Yargı sisteminden Türkiye’nin savunma sistemine ve ordusuna kadar birçok alanda son çeyrek asırda çok büyük olaylar yaşandı. Gerçekten çok büyük toplumsal olaylara sebebiyet veren bazı gelişmeler oldu. Ordunun bugün içerisinde olduğu durum; cumhuriyetin ilk kuruluş yıllarında o felsefe ile kurulan ordudan çok farklı boyutlara geldi. Halk okulları kapatıldı. Yargı ‘yargı’ olmaktan çıktı. Türkiye’de tarafsız ve bağımsız yargı konusunda endişelerin olduğunu biliyoruz.
Bugün kadınlar, bu kazanımların ötesinde bir noktaya geldi. Kadınların daha iyi ve daha güzel noktalara gelmesi gerekirken bugün Türkiye’de kadın cinayetleri, kadına yönelik şiddet ve aile içi şiddet konuşuluyor. Kadınların her alanda cinsiyet ayrımcılığına uğradığını ve Türkiye’de bir cinsiyet eşitliğinden söz edilemeyeceğini görüyoruz. Siyasette, çalışma hayatında ya da aklınıza gelebilecek her alanda neredeyse kadının adı yok. İstanbul Sözleşmesi‘nin daha önce imzalanması ve parlamentoda onanmasına rağmen cumhurbaşkanlığı yönetim sistemiyle, Cumhurbaşkanı’nın iki dudağının arasından çıkan bir kararla iptal edilmesi gibi bütün bunların kadının bundan tam bir asır önce elde ettiği kazanımlarının kaybına yönelik belli hamleler olduğunu düşünüyoruz.
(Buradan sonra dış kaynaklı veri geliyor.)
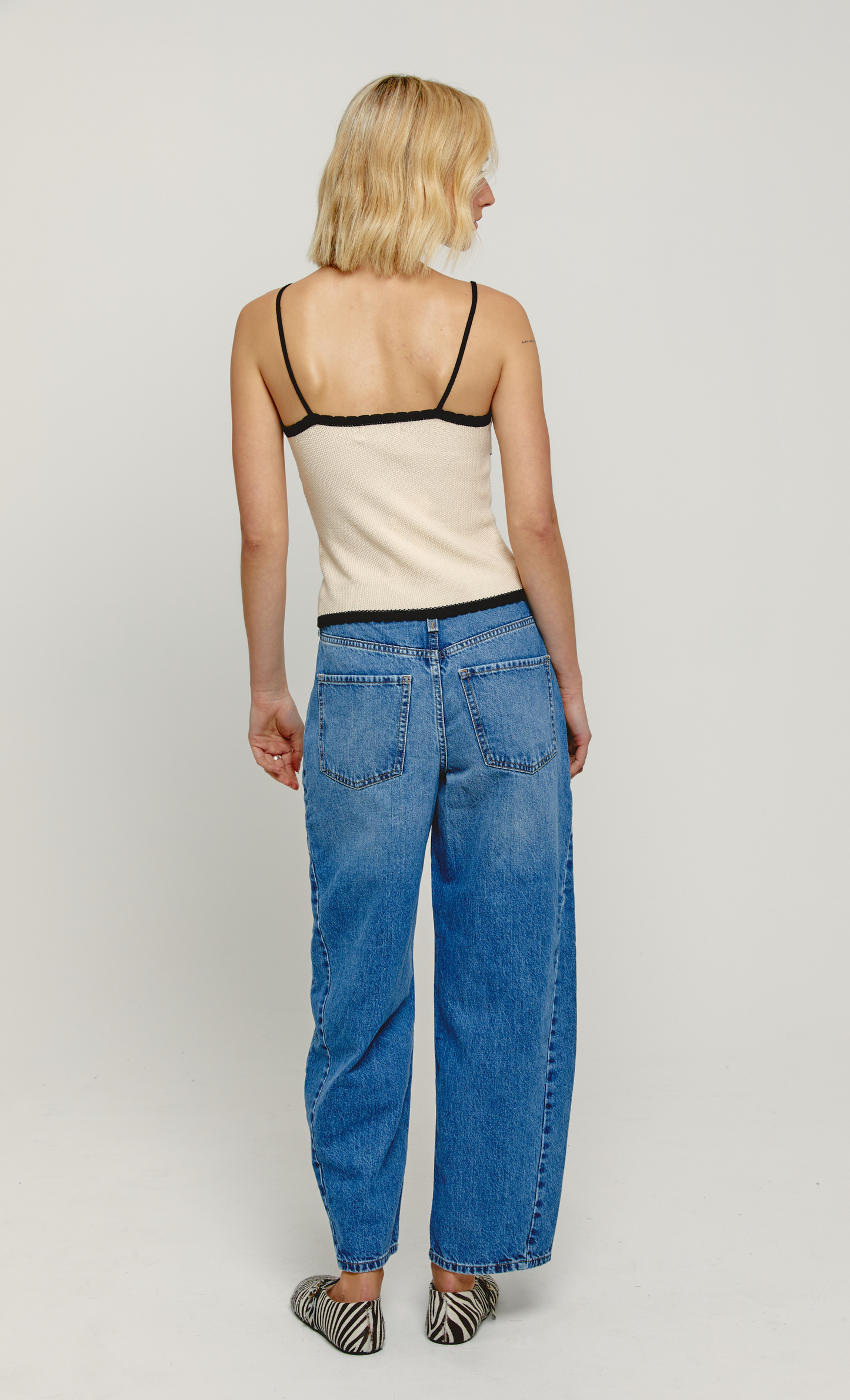 Cute and comfy. This cream knit cami features delicate black contrast trims and a playful bow tie under the bust for a sweet-meets-cool vibe. The soft stretch knit hugs the body just right, making it your go-to top for effortless day-to-night styling. Pair it with vintage denim or layer under an oversized blazer — it's a vibe either way.

Tabii bir ülkede demokrasinin güçlenmesi ve tahkim edilmesi kolay konular değildir. Zaman, emek ve çaba istiyor. Bütün bunlara baktığınız zaman bizim de mücadelemiz devam ediyor. Biz cumhuriyet çocuğuyuz, Mustafa Kemal Atatürk‘ün izinden giden yöneticileriz. Onun ilkeleri doğrultusunda da şehirlerimizi ve ülkeyi yönetmek için çaba gösteriyoruz ve bunu da sağladığımızı düşünüyoruz.
“Mersin demokratik, çağdaş, eşitlikçi ve adaletli yönetim anlayışından memnun”
Mersin’de bugün geldiğimiz noktada demokrasi tam anlamıyla zenginliğini göstermeye başladı. Bu da bizim yönetim anlayışımızla oldu. Kenti yönetirken toplumun bütün kesimlerini kent yönetimine dahil ettik. Kadınlara ve çocuklara öncelik verdik; onların sorun alanlarına indik. Bunlar cumhuriyetin kazanımlarıdır. Tüm bunların Atatürk’ün koyduğu ilkeler çerçevesinde hareket eden, bizim gibi çağdaş düşünen yöneticilerin eseri olduğunu düşünüyorum.
Bir taraftan Türkiye’de iktidarın bizim, cumhuriyet ve cumhuriyetin kazanımları için uygun olmayan uygulamaları ya da kararları devam ederken; yerel yönetimlerde de güzel gelişmeler oluyor. Son seçimlerde Mersin gösterdi ki; Mersin ve Mersinli halinden memnun. Mersin demokratik, çağdaş, eşitlikçi ve adaletli yönetim anlayışından memnun. Mersin’de gördüğünüz bütün değerleri Türkiye’de de şamil kılacağız. Mücadelemiz o yönde. Yakın gelecekte onu da görecek milletimiz. Türkiye çok daha güzel günler yaşayacak. Cumhuriyetin geliştiği, tahkim edildiği, refah, kültür ve sanat devleti, demokrasinin beşiği bir Türkiye olma yolunda hep beraber mücadelemizi sürdüreceğiz.”